[Dataset content]:

[Start of Attachment]

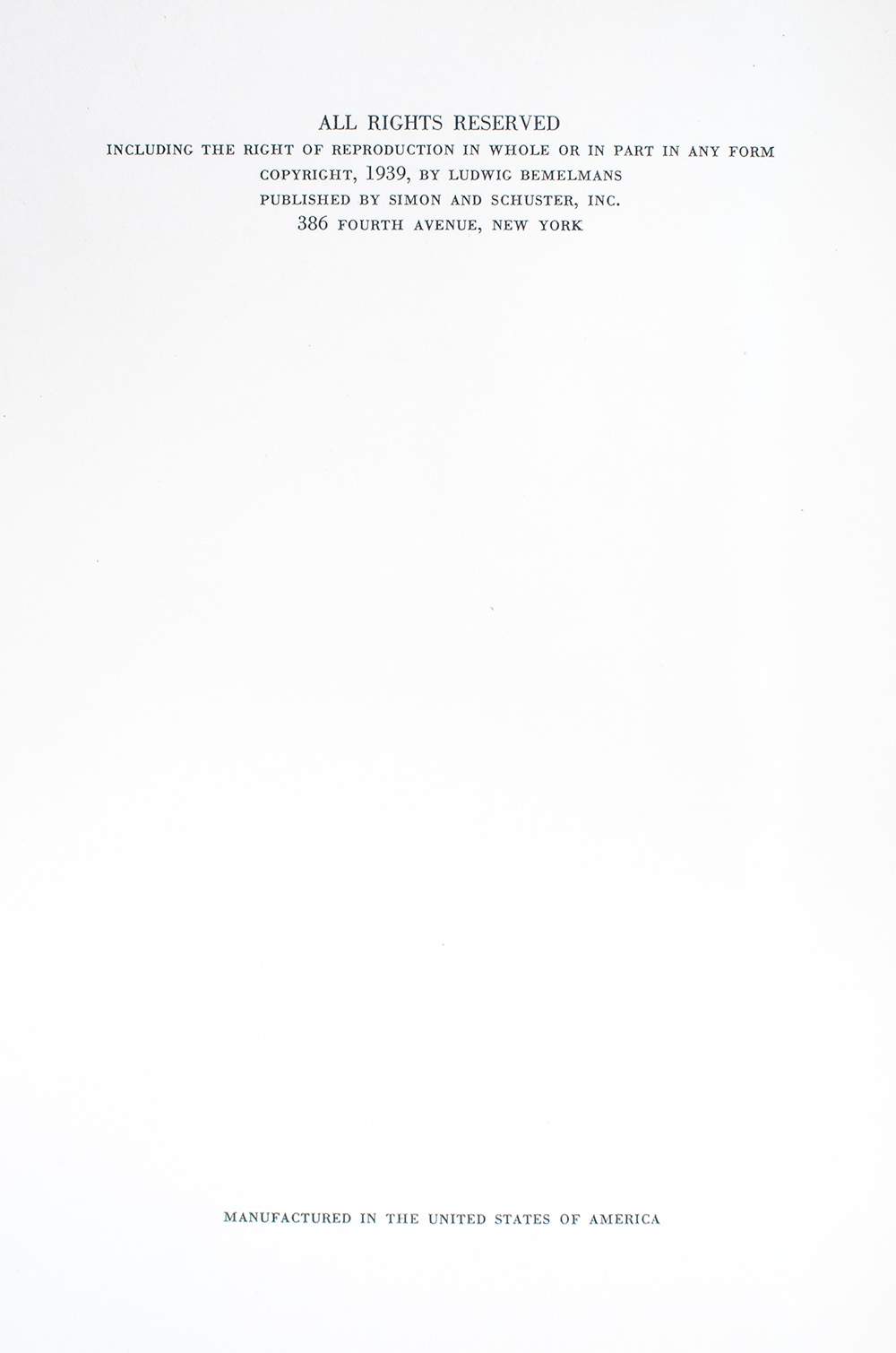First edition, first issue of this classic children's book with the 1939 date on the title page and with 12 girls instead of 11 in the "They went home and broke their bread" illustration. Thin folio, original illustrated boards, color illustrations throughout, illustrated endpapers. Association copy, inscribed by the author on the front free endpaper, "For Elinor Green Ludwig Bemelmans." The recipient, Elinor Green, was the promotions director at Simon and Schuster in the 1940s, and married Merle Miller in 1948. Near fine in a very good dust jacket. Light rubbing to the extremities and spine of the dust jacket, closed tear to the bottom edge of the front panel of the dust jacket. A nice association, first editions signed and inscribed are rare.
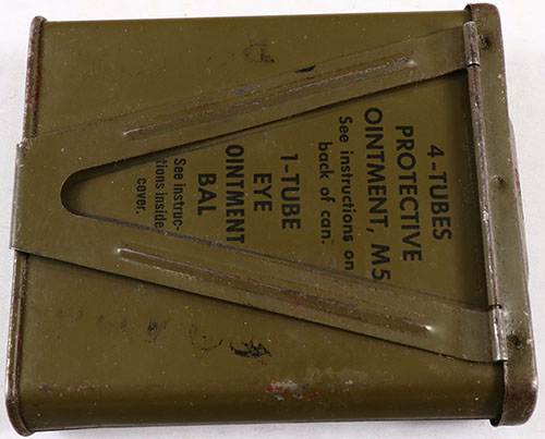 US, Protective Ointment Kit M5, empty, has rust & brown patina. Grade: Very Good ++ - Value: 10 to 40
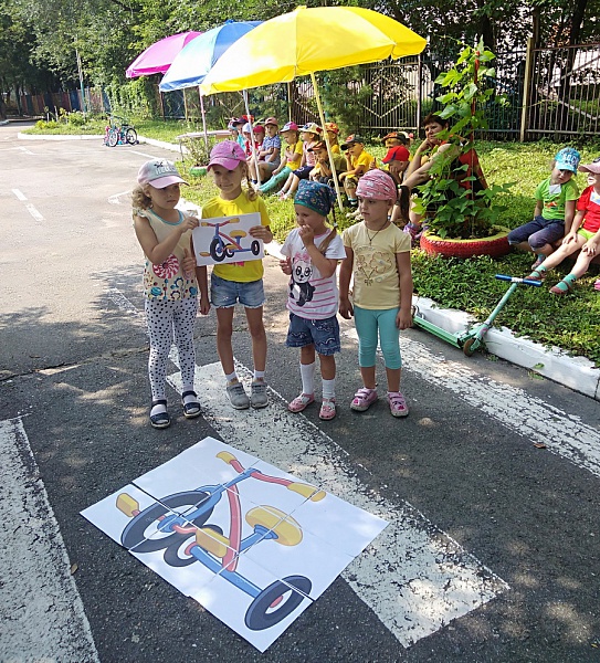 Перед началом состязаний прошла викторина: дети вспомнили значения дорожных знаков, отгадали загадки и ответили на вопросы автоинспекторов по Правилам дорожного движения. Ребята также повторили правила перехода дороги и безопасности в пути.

[End of Attachment]

[Exercise]:
Exactly the lines from the line that contains "US, Protective Ointment" through the last line above, and no other lines, must be output, with pictures excluded.

[Solution]:
 US, Protective Ointment Kit M5, empty, has rust & brown patina. Grade: Very Good ++ - Value: 10 to 40
 Перед началом состязаний прошла викторина: дети вспомнили значения дорожных знаков, отгадали загадки и ответили на вопросы автоинспекторов по Правилам дорожного движения. Ребята также повторили правила перехода дороги и безопасности в пути.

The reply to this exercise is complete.